SEC Publishes First Rulemaking Agenda Under Atkins

On September 4, 2025, the Office of Information and Regulatory Affairs released the SEC’s regulatory agenda, the first published by the SEC since Paul Atkins began his term as SEC Chair. The agenda, which is usually published twice a year, is a non-binding list of the rulemakings that the SEC is expected to propose or adopt in the near term.

The new agenda lists three Advanced Notices of Proposed Rulemaking (usually a concept release issued prior to a proposal); eighteen Notices of Proposed Rulemakings (proposals expected to be issued); and two final stage rulemakings (to adopt proposals already issued). The agenda lists April 2026 as the publication date for most of the proposals, but the date may simply indicate first half or second quarter 2026 publication. It is also not uncommon for the SEC to push back the dates set out in the agenda.

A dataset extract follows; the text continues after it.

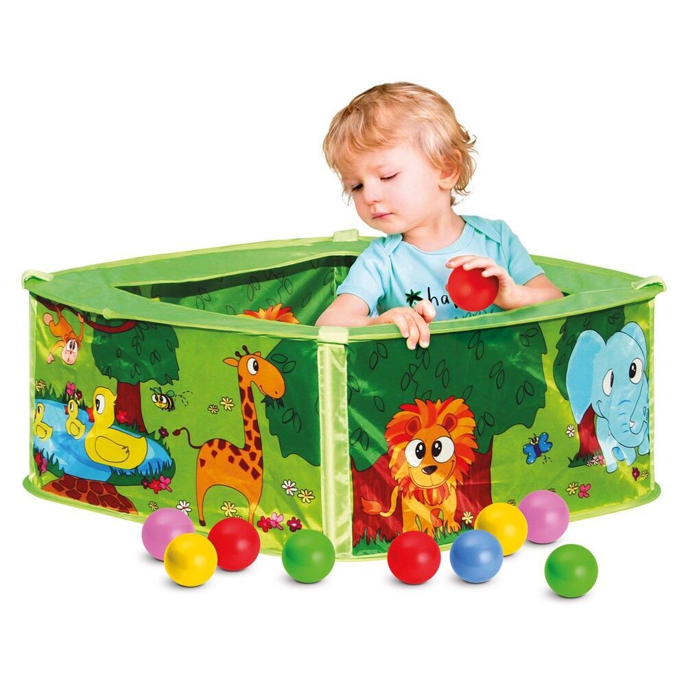 Hrací bazének s množstvím barevných míčků se hodí do každého dětského pokoje. Pro děti skvělá zábava i na několik hodin, podporující senzomotorický vývoj. Barevné dětské míčky jsou měkké, ale odolné a po zmáčknutí se vrátí do původního tvaru. Vhodné pro vnitřní i venkovní použití (za sucha). Bazének lze snadno rozložit i složit pro úsporu místa. Baleno v praktické kartonové krabici vybavené uchem k přenášení.

Among the key rulemakings listed in the agenda are:

  • Foreign Private Issuer Eligibility – The concept release to amend the FPI definition has already been issued, and the agenda provides no information about next steps.
  • Rule 144 Safe Harbor – The SEC is considering reproposing amendments to Rule 144, a non-exclusive safe harbor that permits the public resale of restricted or control securities, to increase instances in which the safe harbor would be available.
  • Crypto Assets – The SEC is considering proposing rules relating to the offer and sale of crypto assets, potentially to include certain exemptions and safe harbors, to help clarify the regulatory framework for crypto assets and provide greater certainty to the market.
  • Enhancement of Emerging Growth Company Accommodations and Simplification of Filer Status for Reporting Companies – The SEC is considering proposing amendments to expand accommodations that are available for EGCs and to rationalize filer statuses to simplify the categorization of registrants and reduce their compliance burdens.
  • Shelf Registration Modernization – The SEC is considering proposing amendments to the shelf registration process to reduce compliance burdens and further facilitate capital formation.
  • Updating the Exempt Offering Pathways – The SEC is considering proposing amendments to its exemptions from registration to simplify the pathways for raising capital for, and investor access to, private businesses.
  • Rationalization of Disclosure Practices – The SEC is considering proposing amendments to rationalize disclosure practices to facilitate material disclosure by companies and shareholders' access to that information.
  • Shareholder Proposal Modernization – The SEC is considering proposing amendments to Exchange Act Rule 14a-8, which governs when a company must include a shareholder's proposal in its proxy statement, to reduce compliance burdens for registrants and account for developments since the rule was last amended.
  • Publication or Submission of Quotations Without Specified Information – The SEC is considering proposing amendments to Rule 15c2-11, which governs the publication of quotations for over-the-counter securities, to exclude certain types of securities.

Although there are a few rulemakings that remain from the last administration, the new agenda is, not surprisingly, completely different from the prior one, which was published in summer 2024 under then-SEC Chair Gary Gensler. No longer on the agenda are: incentive-based compensation rules; corporate board diversity disclosure; human capital management disclosure; revisions to the resource extraction payment disclosure rule; amendments to the Section 12(g) “held of record" definition; or ESG rules for investment advisers and investment companies.